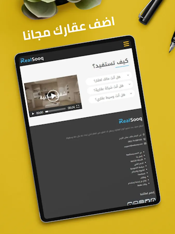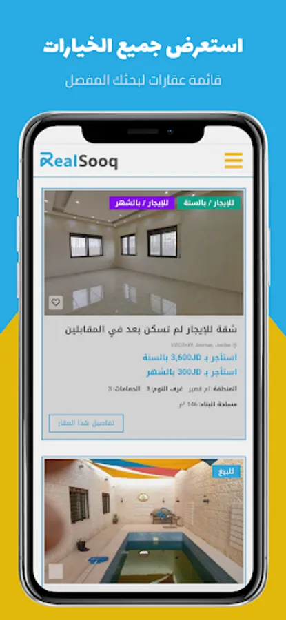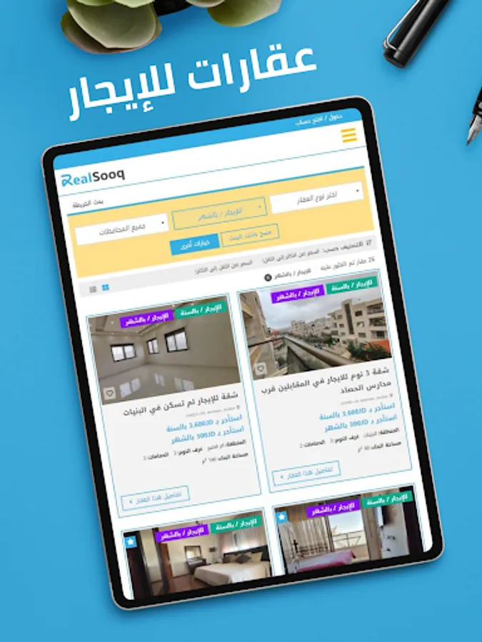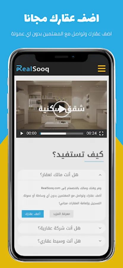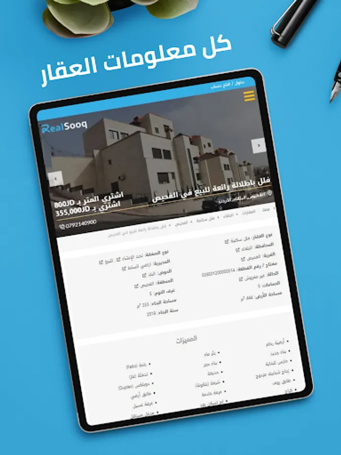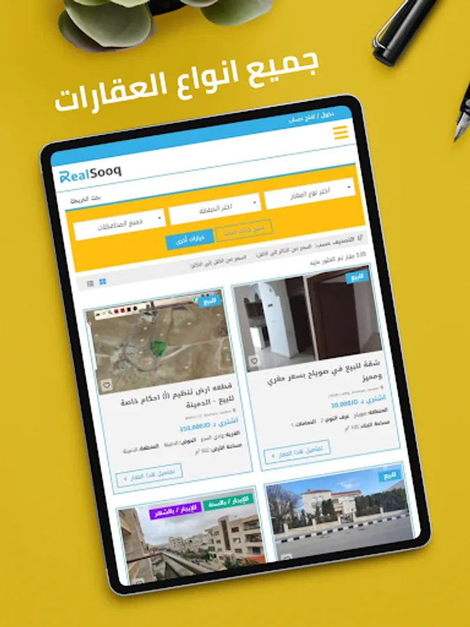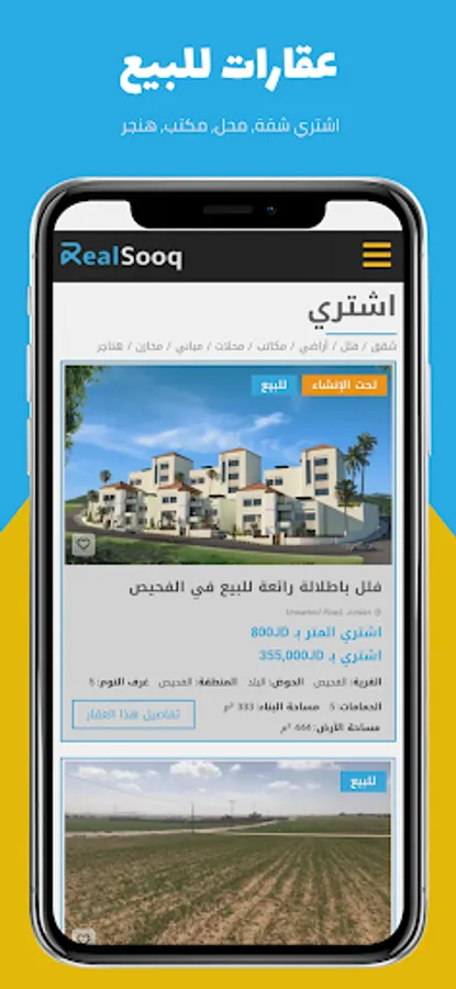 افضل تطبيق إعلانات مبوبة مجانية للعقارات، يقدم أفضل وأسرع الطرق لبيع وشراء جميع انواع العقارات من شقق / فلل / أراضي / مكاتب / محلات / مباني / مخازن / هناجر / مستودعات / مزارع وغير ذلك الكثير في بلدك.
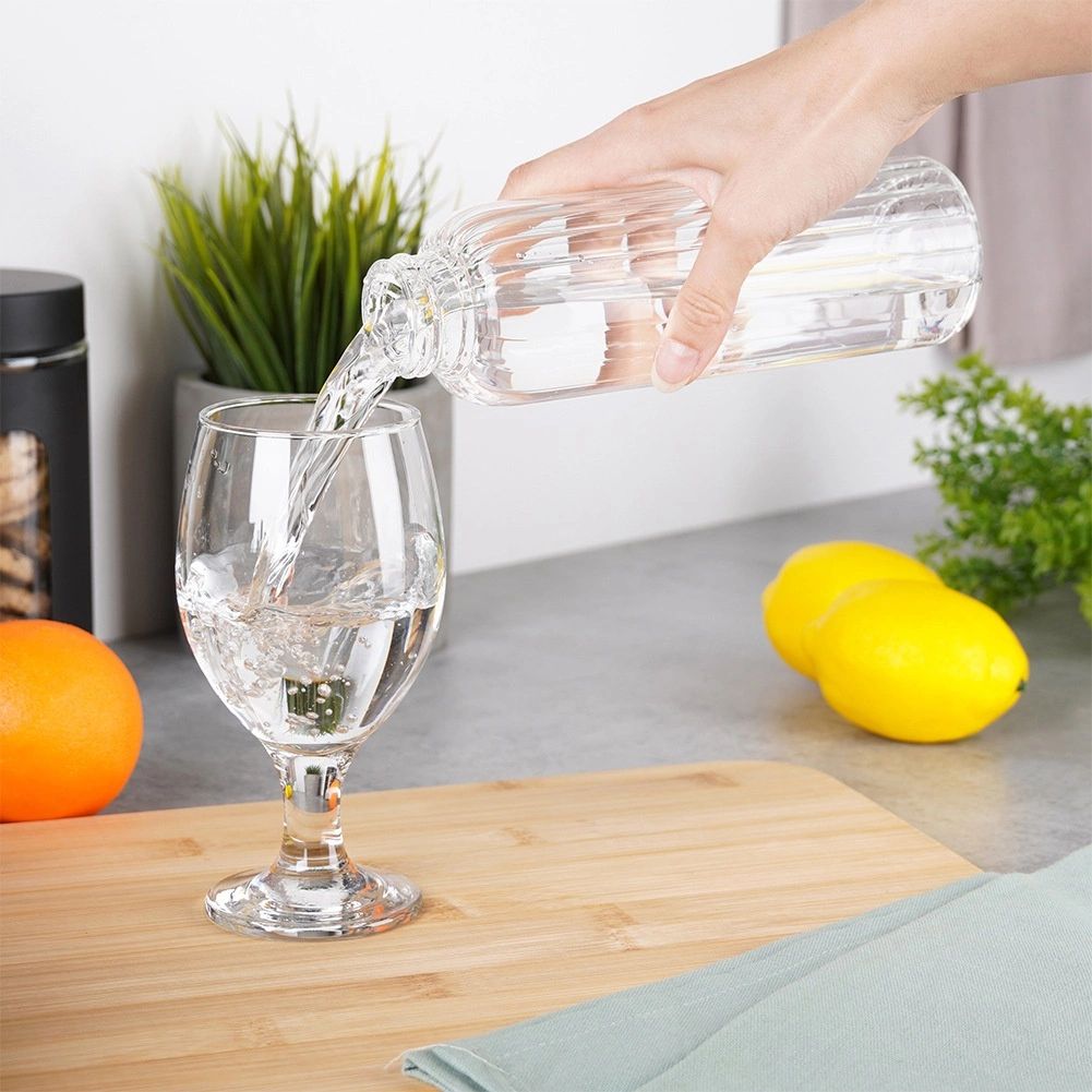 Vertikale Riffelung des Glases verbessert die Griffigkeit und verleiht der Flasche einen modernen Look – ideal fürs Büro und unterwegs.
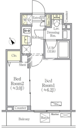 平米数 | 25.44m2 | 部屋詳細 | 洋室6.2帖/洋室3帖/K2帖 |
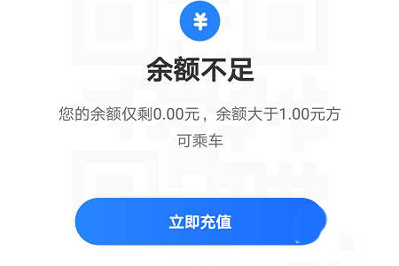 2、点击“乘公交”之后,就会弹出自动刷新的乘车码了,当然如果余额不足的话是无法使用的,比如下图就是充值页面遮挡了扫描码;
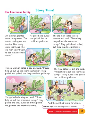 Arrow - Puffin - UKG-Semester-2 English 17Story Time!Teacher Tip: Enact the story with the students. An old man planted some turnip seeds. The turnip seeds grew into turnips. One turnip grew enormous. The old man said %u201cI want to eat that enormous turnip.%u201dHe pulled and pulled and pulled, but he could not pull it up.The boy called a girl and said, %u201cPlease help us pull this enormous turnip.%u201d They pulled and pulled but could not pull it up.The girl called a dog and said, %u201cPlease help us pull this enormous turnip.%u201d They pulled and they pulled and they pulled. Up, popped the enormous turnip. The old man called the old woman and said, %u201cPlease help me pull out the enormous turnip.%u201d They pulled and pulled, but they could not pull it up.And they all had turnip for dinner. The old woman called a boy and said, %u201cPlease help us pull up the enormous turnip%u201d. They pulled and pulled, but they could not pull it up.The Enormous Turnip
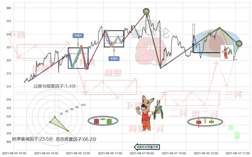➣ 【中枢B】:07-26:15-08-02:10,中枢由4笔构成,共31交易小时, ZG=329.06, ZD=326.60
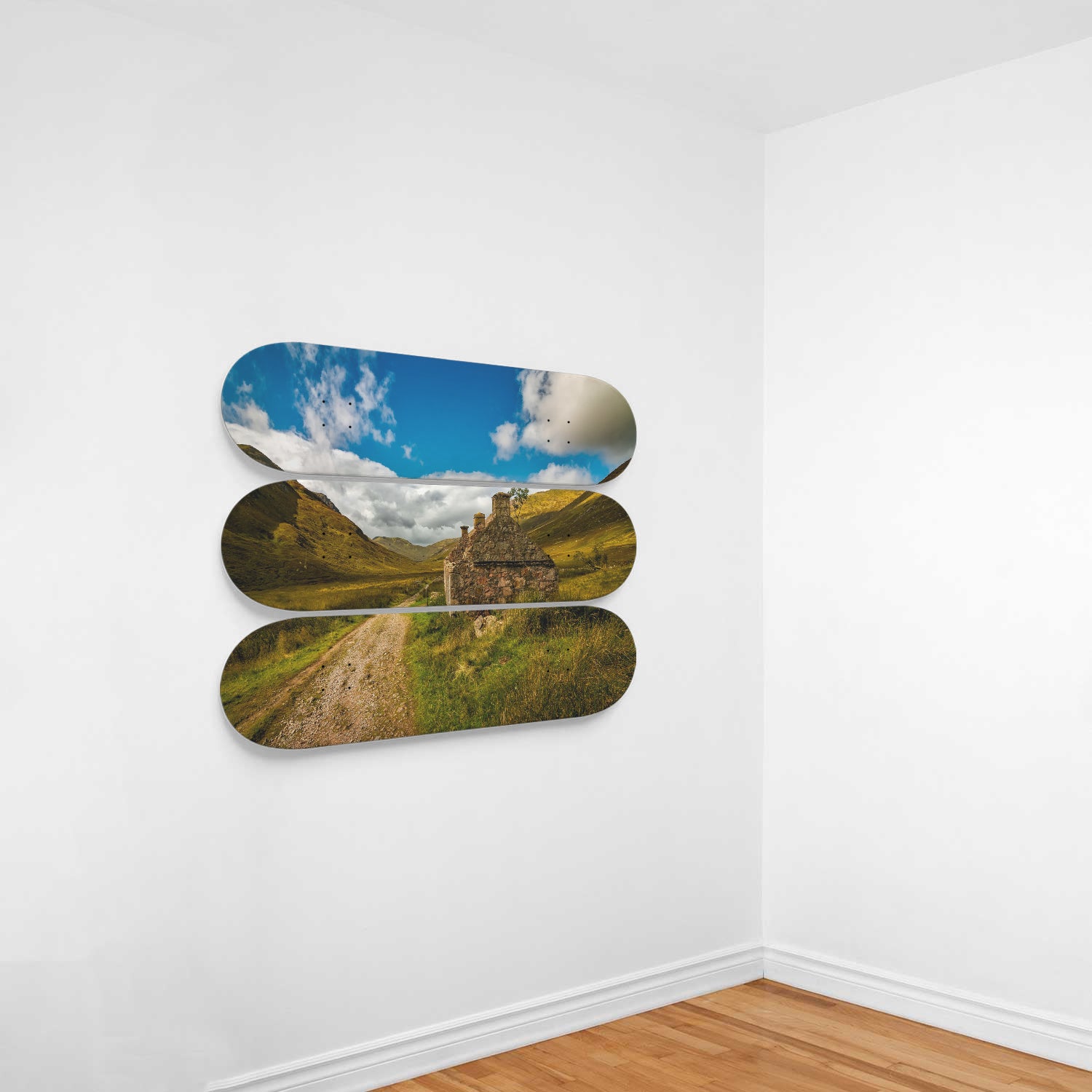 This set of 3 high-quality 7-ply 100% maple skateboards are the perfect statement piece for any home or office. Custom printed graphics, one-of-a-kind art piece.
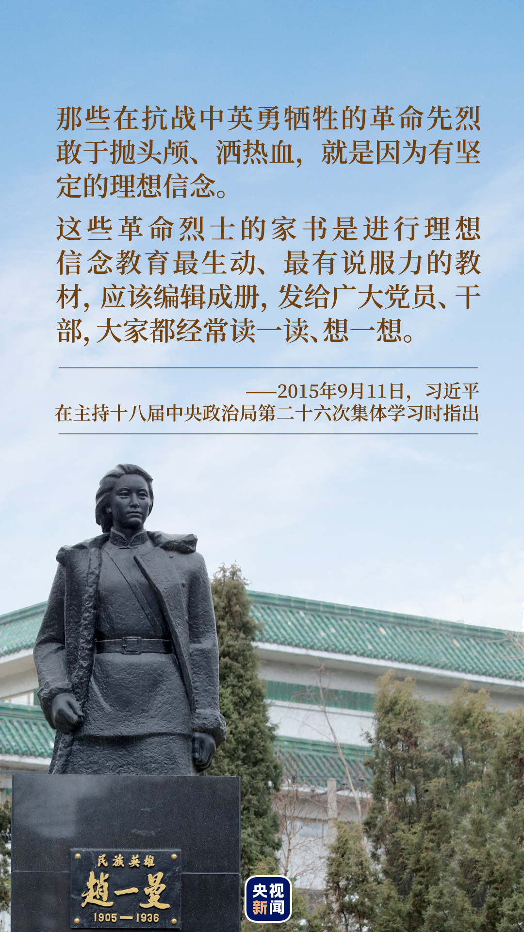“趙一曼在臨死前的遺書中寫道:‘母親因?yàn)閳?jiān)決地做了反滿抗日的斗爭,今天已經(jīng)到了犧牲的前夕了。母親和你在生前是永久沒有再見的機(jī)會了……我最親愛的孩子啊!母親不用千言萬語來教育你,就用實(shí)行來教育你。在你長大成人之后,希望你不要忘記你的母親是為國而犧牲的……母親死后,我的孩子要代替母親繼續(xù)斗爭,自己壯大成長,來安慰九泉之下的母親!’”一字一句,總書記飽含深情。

######

→ What you will do
Pictures are to be left out; set down everything else in the records exactly.

→ Response
 افضل تطبيق إعلانات مبوبة مجانية للعقارات، يقدم أفضل وأسرع الطرق لبيع وشراء جميع انواع العقارات من شقق / فلل / أراضي / مكاتب / محلات / مباني / مخازن / هناجر / مستودعات / مزارع وغير ذلك الكثير في بلدك.
 Vertikale Riffelung des Glases verbessert die Griffigkeit und verleiht der Flasche einen modernen Look – ideal fürs Büro und unterwegs.
 平米数 | 25.44m2 | 部屋詳細 | 洋室6.2帖/洋室3帖/K2帖 |
 2、点击“乘公交”之后,就会弹出自动刷新的乘车码了,当然如果余额不足的话是无法使用的,比如下图就是充值页面遮挡了扫描码;
 Arrow - Puffin - UKG-Semester-2 English 17Story Time!Teacher Tip: Enact the story with the students. An old man planted some turnip seeds. The turnip seeds grew into turnips. One turnip grew enormous. The old man said %u201cI want to eat that enormous turnip.%u201dHe pulled and pulled and pulled, but he could not pull it up.The boy called a girl and said, %u201cPlease help us pull this enormous turnip.%u201d They pulled and pulled but could not pull it up.The girl called a dog and said, %u201cPlease help us pull this enormous turnip.%u201d They pulled and they pulled and they pulled. Up, popped the enormous turnip. The old man called the old woman and said, %u201cPlease help me pull out the enormous turnip.%u201d They pulled and pulled, but they could not pull it up.And they all had turnip for dinner. The old woman called a boy and said, %u201cPlease help us pull up the enormous turnip%u201d. They pulled and pulled, but they could not pull it up.The Enormous Turnip
➣ 【中枢B】:07-26:15-08-02:10,中枢由4笔构成,共31交易小时, ZG=329.06, ZD=326.60
 This set of 3 high-quality 7-ply 100% maple skateboards are the perfect statement piece for any home or office. Custom printed graphics, one-of-a-kind art piece.
“趙一曼在臨死前的遺書中寫道:‘母親因?yàn)閳?jiān)決地做了反滿抗日的斗爭,今天已經(jīng)到了犧牲的前夕了。母親和你在生前是永久沒有再見的機(jī)會了……我最親愛的孩子啊!母親不用千言萬語來教育你,就用實(shí)行來教育你。在你長大成人之后,希望你不要忘記你的母親是為國而犧牲的……母親死后,我的孩子要代替母親繼續(xù)斗爭,自己壯大成長,來安慰九泉之下的母親!’”一字一句,總書記飽含深情。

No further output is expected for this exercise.